Arthroleptis bivittatus
- Conservation status: Data Deficient (IUCN 3.1)

Scientific classification
- Kingdom: Animalia
- Phylum: Chordata
- Class: Amphibia
- Order: Anura
- Family: Arthroleptidae
- Genus: Arthroleptis
- Species: A. bivittatus
- Binomial name: Arthroleptis bivittatus Müller, 1885
- Synonyms: Schoutedenella bivittata (Müller, 1885)

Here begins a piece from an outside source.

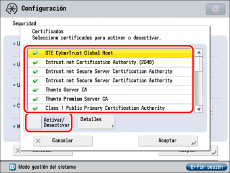 Seleccione un certificado → pulse [Activar/Desactivar].

= Arthroleptis bivittatus =

- Authority: Müller, 1885
- Conservation status: DD
- Synonyms: Schoutedenella bivittata (Müller, 1885)

Species of frog

Arthroleptis bivittatus is a species of frog in the family Arthroleptidae. It is endemic to Guinea and only known from the holotype collected from the Tombo Island. It is uncertain whether this species is distinct from the common Arthroleptis poecilonotus. Common name Tumbo-Insel screeching frog has been coined for this species.

==Description==
The holotype, an adult female, measures 26 mm in snout–vent length. The overall appearance is stocky. The tympanum is small (diameter 1.5 mm). Inter-digital webbing is absent. The long-preserved specimen is brown in colour. There are traces of a darker mid-dorsal pattern that could be similar to the hourglass pattern in Arthroleptis poecilonotus. Diffuse, lighter dorsolateral bands are visible.

==Habitat and conservation==
Not much is known about this species that has not been observed after it was described more than 100 years ago. It is assumed to inhabit lowland forest. Threats to it are unknown.